* [THE TASK] All lines from the one bearing "Pregnant women in" through the end of the data below must be printed exactly as they stand, with pictures removed.

BEGIN

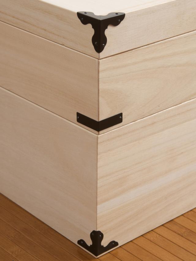 隅には、補強の役割も担っている金属製の飾り金具が付いています。細部に至るまで丁寧に仕上げた逸品を長くお楽しみください。
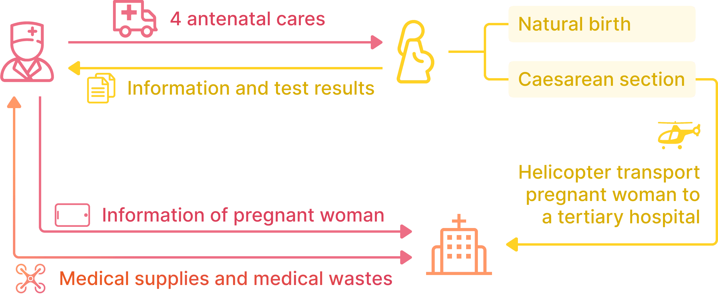 Pregnant women in rural Nepal face a high mortality risk. Professor Roger Smith’s Innovative Helicopter Retrieval Project addresses this by airlifting women with complications during delivery in remote areas to tertiary hospitals, backed by $92 million in funding. While the project has saved many lives, it requires significant resources and focuses only on delivery. As a designer, I believe maternity care should provide long-term support throughout pregnancy.
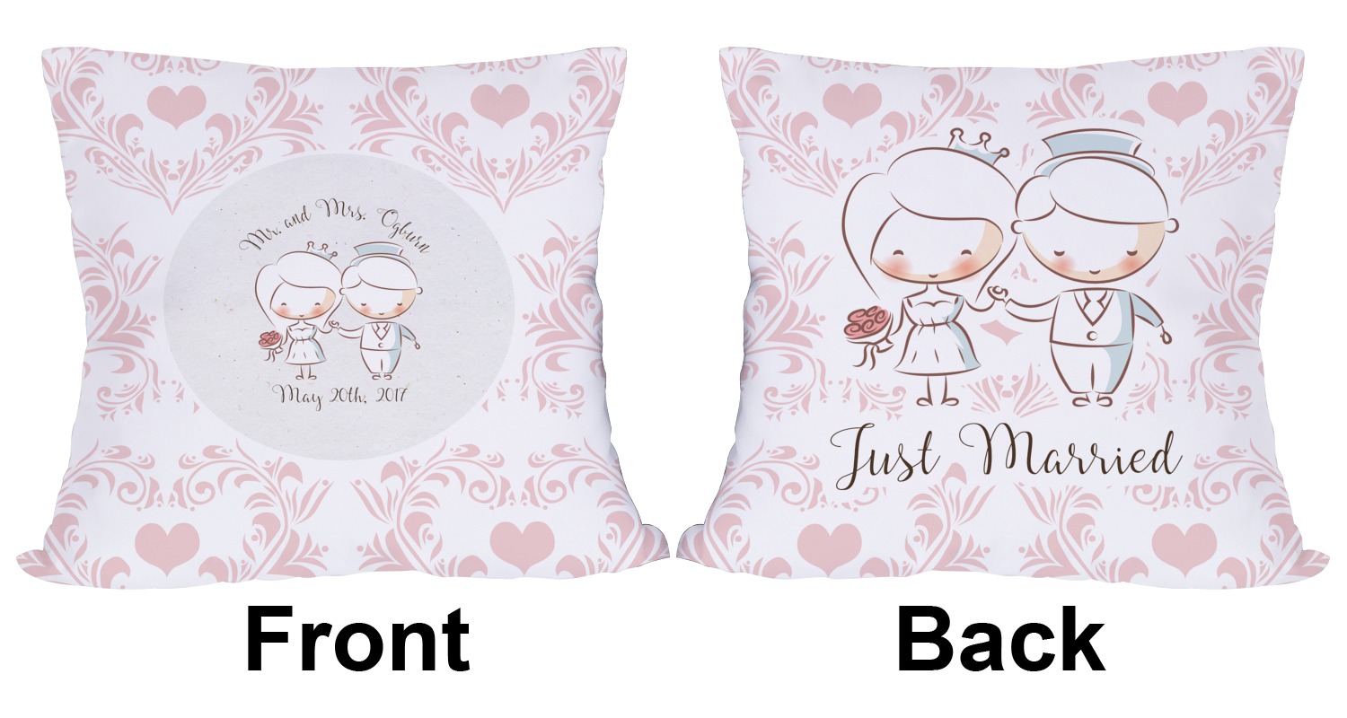 This design has an adorable bride and groom at the center of attention. They sit holding hands on a speckle textured off-white background. Above and below them is where the personalization goes, with the bride and groom's names and wedding date or whatever you choose. The textured background is a circle that surrounds the bride and groom while another background sits behind this circle. The secondary background is a white and light pink heart damask pattern, which looks adorable with the couples and their sweet rosy cheeks.
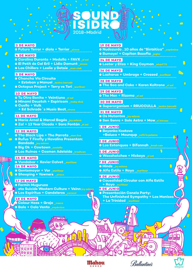 Un cartel en el que se ha cuidado equiparar el número de mujeres y hombres que formen parte de Sound Isidro, sumando una enorme calidad al cartel de este modo (Hinds, Lidia Damunt, Las Chillers, Sara Fontán, Hickeys, Rayo, Waxahat
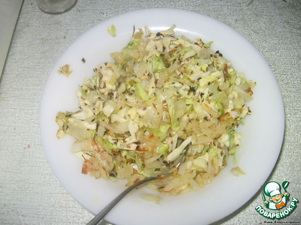 | Ну, очень хотелось пирожков с капустой, а делать надо было хлеб. Вот и получился этот гибрид хлеба с пирожками. Его и хлебом сложно назвать, скорее, это пирог с капустой. |
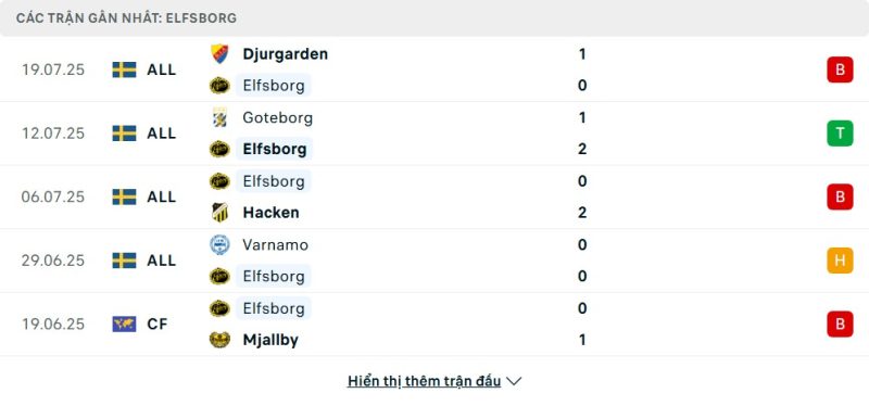 Phong độ của IF Elfsborg
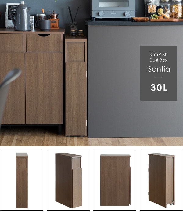 ゴミ箱 スリムダストボックス 幅17cm Santia サンティア プッシュ式 30リットル ワンプッシュ キッチンペール スリムデザイン ごみばこ 木目調【送料無料】
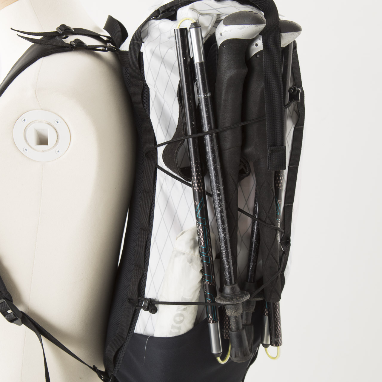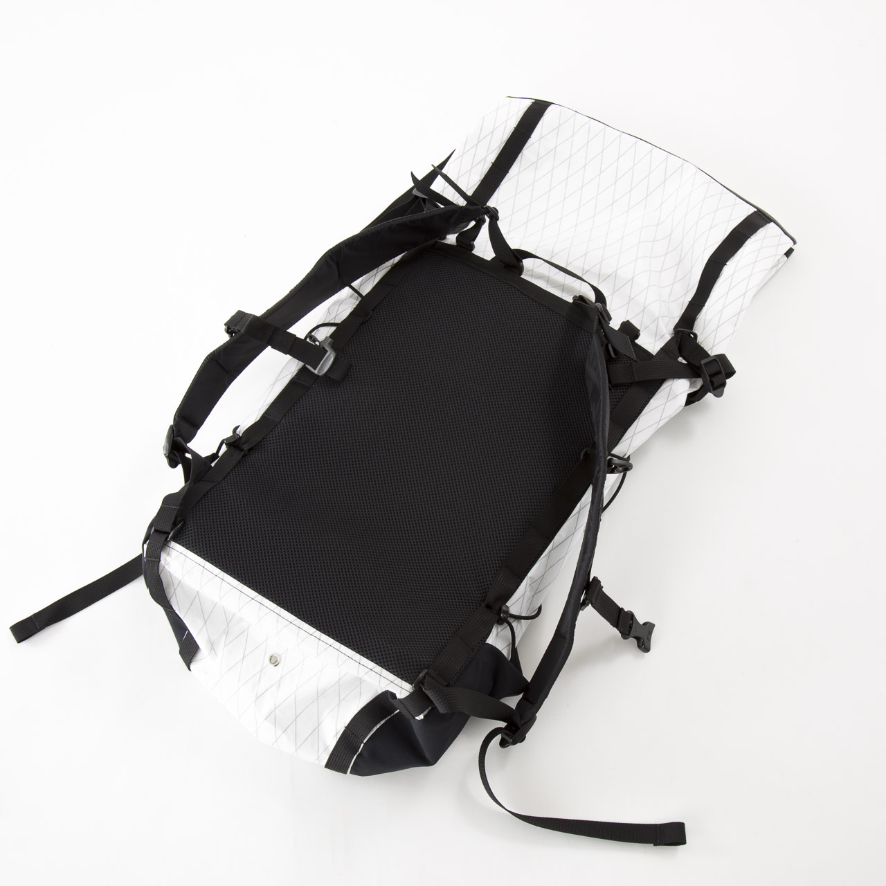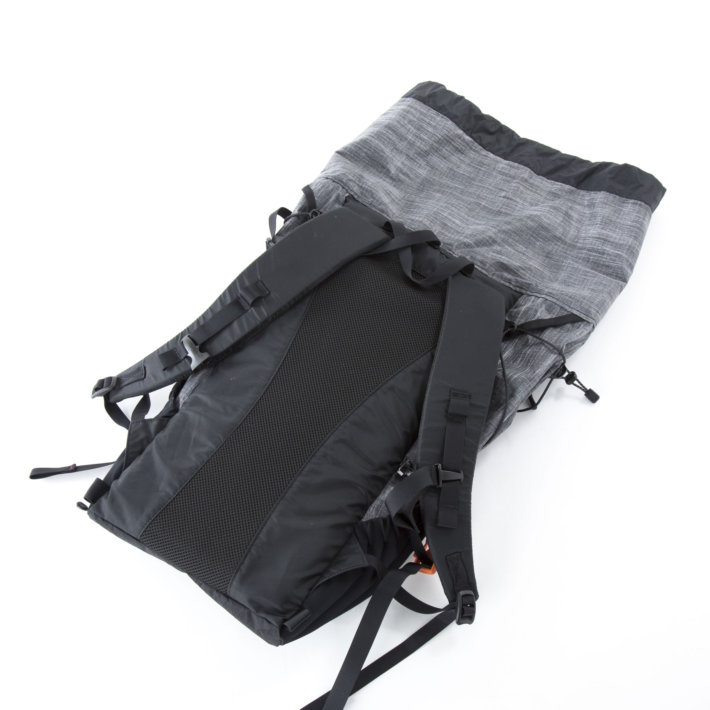 重量380g+装備重量6070g=計6.45kgのパックウェイトでテストしてみました。背面は薄手のパッド+メッシュという現在のスタンダードなULバックパックの作りです。アクペリエンスの標準使用であるシンプルライトハーネスは、その名の通り非常に軽くシンプルで、手で持つと少々心許なさを感じましたが、背中の中心に重心が来ることを意識しているという荷重バランスのせいか、その薄さに比して背負い心地は良好でした。ただ、オプションで用意されているさらに保持力に優れたADCスタンダードハーネスやベスト形のADCアクティビストハーネスも試してみたいとも思いました。

END

* [OUTPUT]
 Pregnant women in rural Nepal face a high mortality risk. Professor Roger Smith’s Innovative Helicopter Retrieval Project addresses this by airlifting women with complications during delivery in remote areas to tertiary hospitals, backed by $92 million in funding. While the project has saved many lives, it requires significant resources and focuses only on delivery. As a designer, I believe maternity care should provide long-term support throughout pregnancy.
 This design has an adorable bride and groom at the center of attention. They sit holding hands on a speckle textured off-white background. Above and below them is where the personalization goes, with the bride and groom's names and wedding date or whatever you choose. The textured background is a circle that surrounds the bride and groom while another background sits behind this circle. The secondary background is a white and light pink heart damask pattern, which looks adorable with the couples and their sweet rosy cheeks.
 Un cartel en el que se ha cuidado equiparar el número de mujeres y hombres que formen parte de Sound Isidro, sumando una enorme calidad al cartel de este modo (Hinds, Lidia Damunt, Las Chillers, Sara Fontán, Hickeys, Rayo, Waxahat
 | Ну, очень хотелось пирожков с капустой, а делать надо было хлеб. Вот и получился этот гибрид хлеба с пирожками. Его и хлебом сложно назвать, скорее, это пирог с капустой. |
 Phong độ của IF Elfsborg
 ゴミ箱 スリムダストボックス 幅17cm Santia サンティア プッシュ式 30リットル ワンプッシュ キッチンペール スリムデザイン ごみばこ 木目調【送料無料】
 重量380g+装備重量6070g=計6.45kgのパックウェイトでテストしてみました。背面は薄手のパッド+メッシュという現在のスタンダードなULバックパックの作りです。アクペリエンスの標準使用であるシンプルライトハーネスは、その名の通り非常に軽くシンプルで、手で持つと少々心許なさを感じましたが、背中の中心に重心が来ることを意識しているという荷重バランスのせいか、その薄さに比して背負い心地は良好でした。ただ、オプションで用意されているさらに保持力に優れたADCスタンダードハーネスやベスト形のADCアクティビストハーネスも試してみたいとも思いました。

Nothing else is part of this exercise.